= What the exercise asks =
The output has to be the full set of records, reproduced exactly, minus any picture.

= Stored data entries =

***

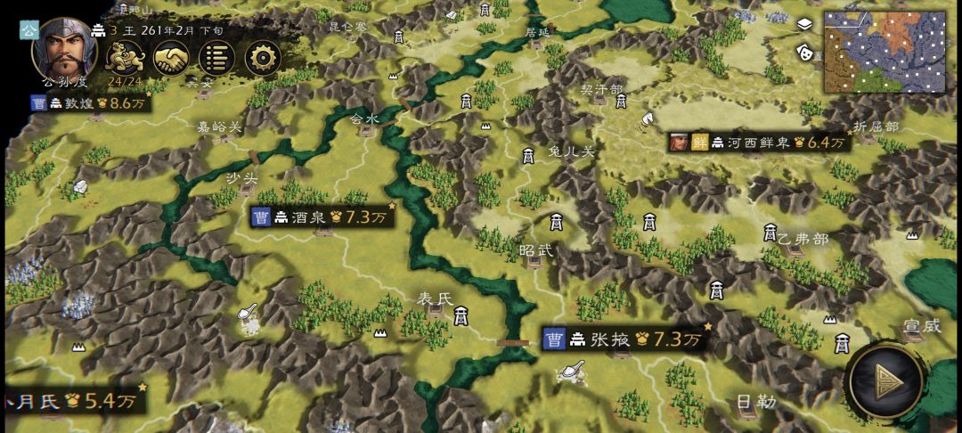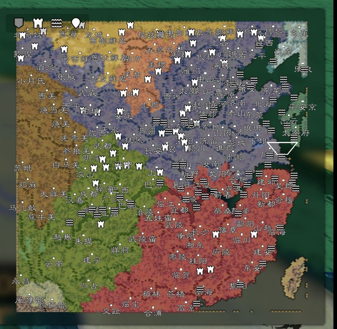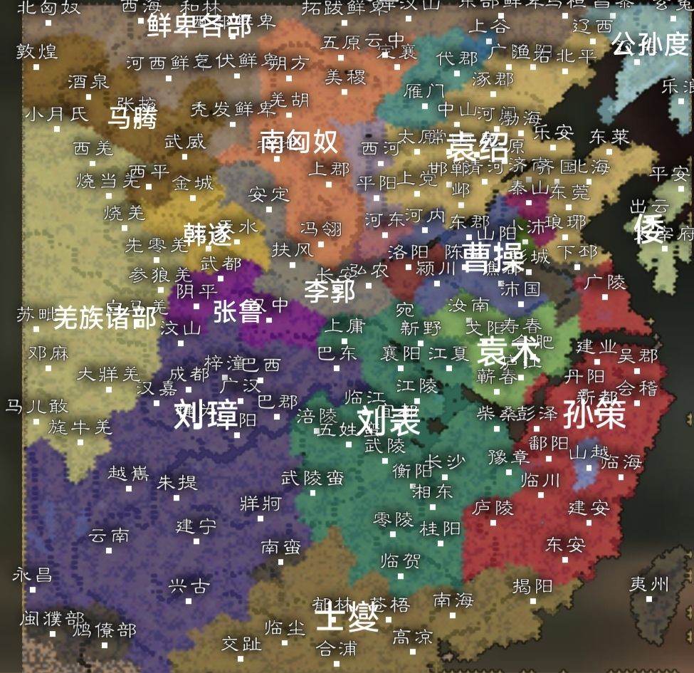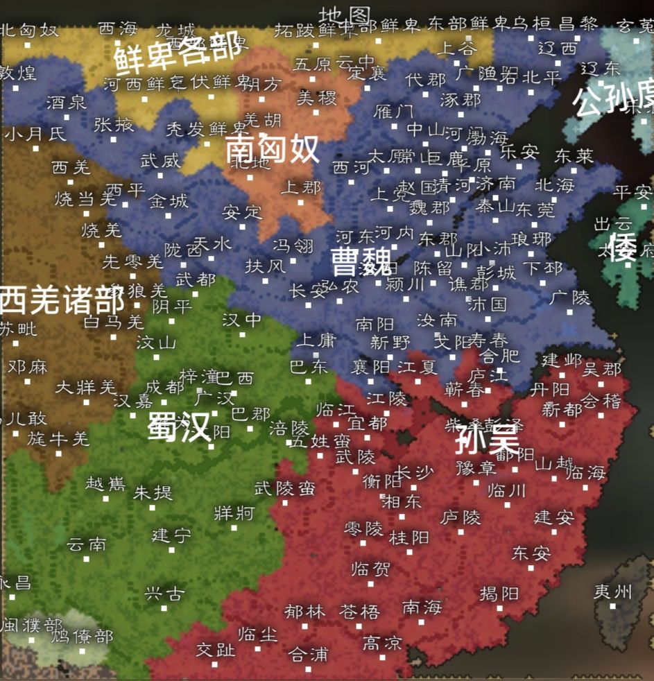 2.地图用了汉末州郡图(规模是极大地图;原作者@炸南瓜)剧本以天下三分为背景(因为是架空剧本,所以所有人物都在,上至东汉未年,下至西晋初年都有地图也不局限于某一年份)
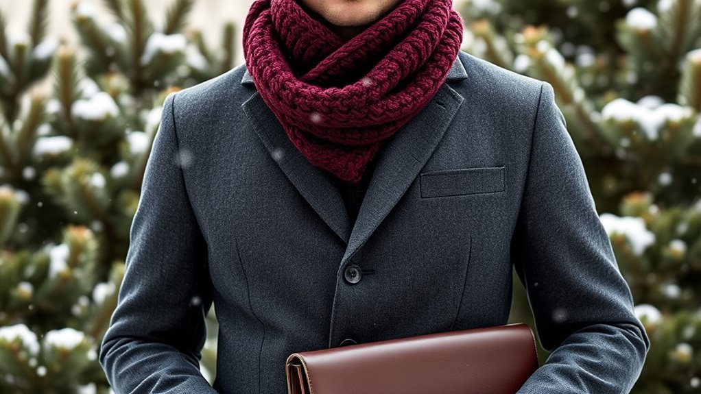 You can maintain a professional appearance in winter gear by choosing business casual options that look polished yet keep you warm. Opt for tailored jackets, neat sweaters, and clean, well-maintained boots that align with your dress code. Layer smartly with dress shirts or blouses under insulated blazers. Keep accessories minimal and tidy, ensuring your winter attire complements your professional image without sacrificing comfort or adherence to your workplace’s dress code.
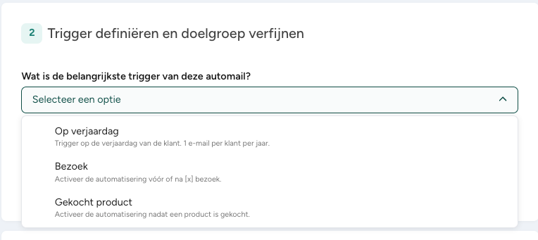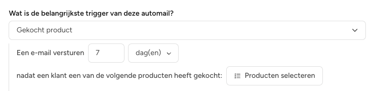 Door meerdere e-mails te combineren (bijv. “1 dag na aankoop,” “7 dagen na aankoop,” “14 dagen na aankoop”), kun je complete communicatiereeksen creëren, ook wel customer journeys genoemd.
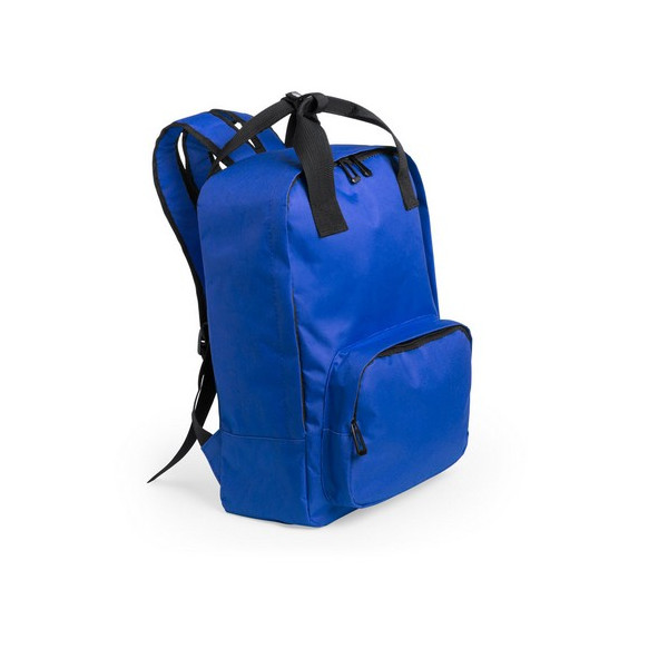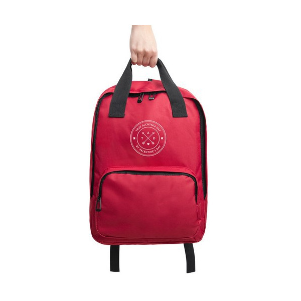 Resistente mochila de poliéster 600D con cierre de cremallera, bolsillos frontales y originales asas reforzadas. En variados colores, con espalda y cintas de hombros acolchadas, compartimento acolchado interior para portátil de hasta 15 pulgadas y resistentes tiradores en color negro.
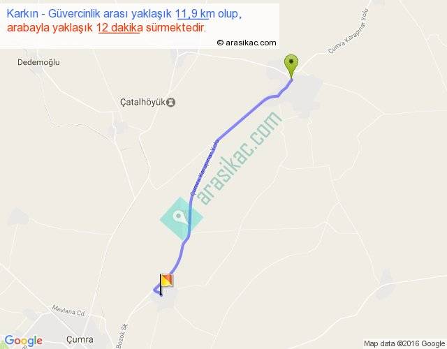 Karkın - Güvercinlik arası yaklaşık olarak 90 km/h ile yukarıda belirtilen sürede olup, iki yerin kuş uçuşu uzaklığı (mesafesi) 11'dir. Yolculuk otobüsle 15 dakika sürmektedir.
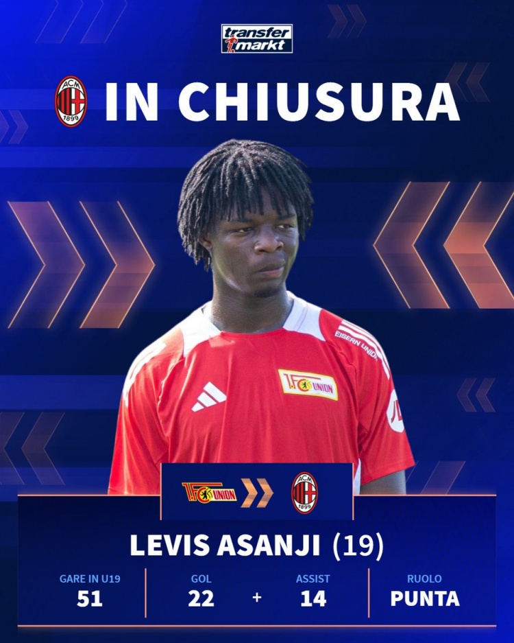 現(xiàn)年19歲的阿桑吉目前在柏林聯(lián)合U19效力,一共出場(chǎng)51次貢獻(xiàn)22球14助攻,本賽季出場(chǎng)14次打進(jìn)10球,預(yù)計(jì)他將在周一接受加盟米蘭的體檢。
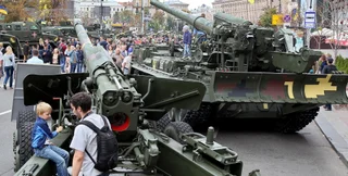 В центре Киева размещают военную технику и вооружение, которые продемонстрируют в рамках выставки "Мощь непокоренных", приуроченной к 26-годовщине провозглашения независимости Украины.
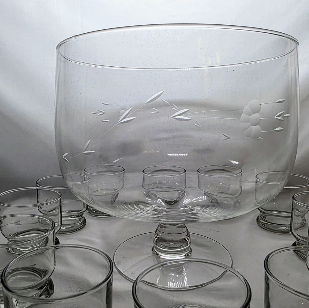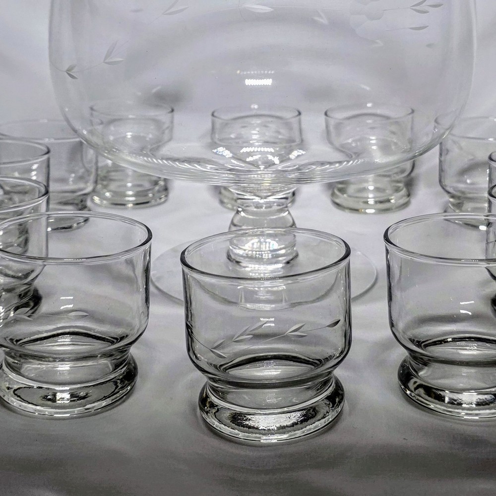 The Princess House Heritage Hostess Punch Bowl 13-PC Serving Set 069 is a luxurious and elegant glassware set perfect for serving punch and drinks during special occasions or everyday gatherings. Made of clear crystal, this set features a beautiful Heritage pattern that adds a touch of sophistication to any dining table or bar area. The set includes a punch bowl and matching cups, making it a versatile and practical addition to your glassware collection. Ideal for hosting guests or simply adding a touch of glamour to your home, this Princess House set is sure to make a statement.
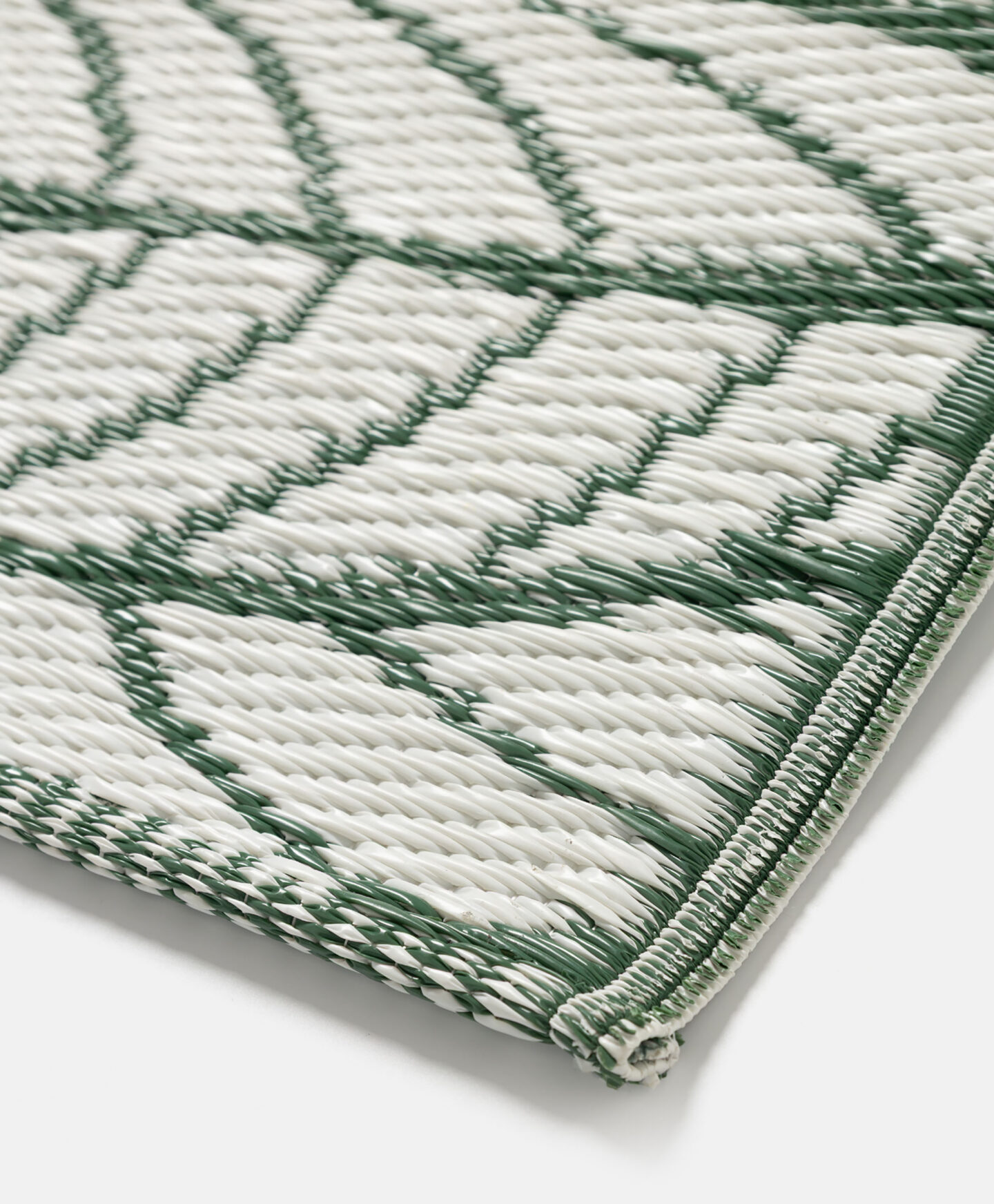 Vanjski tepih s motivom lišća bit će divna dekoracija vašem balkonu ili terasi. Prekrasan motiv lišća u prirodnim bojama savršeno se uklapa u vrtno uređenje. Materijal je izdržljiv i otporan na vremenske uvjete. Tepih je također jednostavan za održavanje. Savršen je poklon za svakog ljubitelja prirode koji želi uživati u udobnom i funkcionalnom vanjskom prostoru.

***

= Solution =
 2.地图用了汉末州郡图(规模是极大地图;原作者@炸南瓜)剧本以天下三分为背景(因为是架空剧本,所以所有人物都在,上至东汉未年,下至西晋初年都有地图也不局限于某一年份)
 You can maintain a professional appearance in winter gear by choosing business casual options that look polished yet keep you warm. Opt for tailored jackets, neat sweaters, and clean, well-maintained boots that align with your dress code. Layer smartly with dress shirts or blouses under insulated blazers. Keep accessories minimal and tidy, ensuring your winter attire complements your professional image without sacrificing comfort or adherence to your workplace’s dress code.
 Door meerdere e-mails te combineren (bijv. “1 dag na aankoop,” “7 dagen na aankoop,” “14 dagen na aankoop”), kun je complete communicatiereeksen creëren, ook wel customer journeys genoemd.
 Resistente mochila de poliéster 600D con cierre de cremallera, bolsillos frontales y originales asas reforzadas. En variados colores, con espalda y cintas de hombros acolchadas, compartimento acolchado interior para portátil de hasta 15 pulgadas y resistentes tiradores en color negro.
 Karkın - Güvercinlik arası yaklaşık olarak 90 km/h ile yukarıda belirtilen sürede olup, iki yerin kuş uçuşu uzaklığı (mesafesi) 11'dir. Yolculuk otobüsle 15 dakika sürmektedir.
 現(xiàn)年19歲的阿桑吉目前在柏林聯(lián)合U19效力,一共出場(chǎng)51次貢獻(xiàn)22球14助攻,本賽季出場(chǎng)14次打進(jìn)10球,預(yù)計(jì)他將在周一接受加盟米蘭的體檢。
 В центре Киева размещают военную технику и вооружение, которые продемонстрируют в рамках выставки "Мощь непокоренных", приуроченной к 26-годовщине провозглашения независимости Украины.
 The Princess House Heritage Hostess Punch Bowl 13-PC Serving Set 069 is a luxurious and elegant glassware set perfect for serving punch and drinks during special occasions or everyday gatherings. Made of clear crystal, this set features a beautiful Heritage pattern that adds a touch of sophistication to any dining table or bar area. The set includes a punch bowl and matching cups, making it a versatile and practical addition to your glassware collection. Ideal for hosting guests or simply adding a touch of glamour to your home, this Princess House set is sure to make a statement.
 Vanjski tepih s motivom lišća bit će divna dekoracija vašem balkonu ili terasi. Prekrasan motiv lišća u prirodnim bojama savršeno se uklapa u vrtno uređenje. Materijal je izdržljiv i otporan na vremenske uvjete. Tepih je također jednostavan za održavanje. Savršen je poklon za svakog ljubitelja prirode koji želi uživati u udobnom i funkcionalnom vanjskom prostoru.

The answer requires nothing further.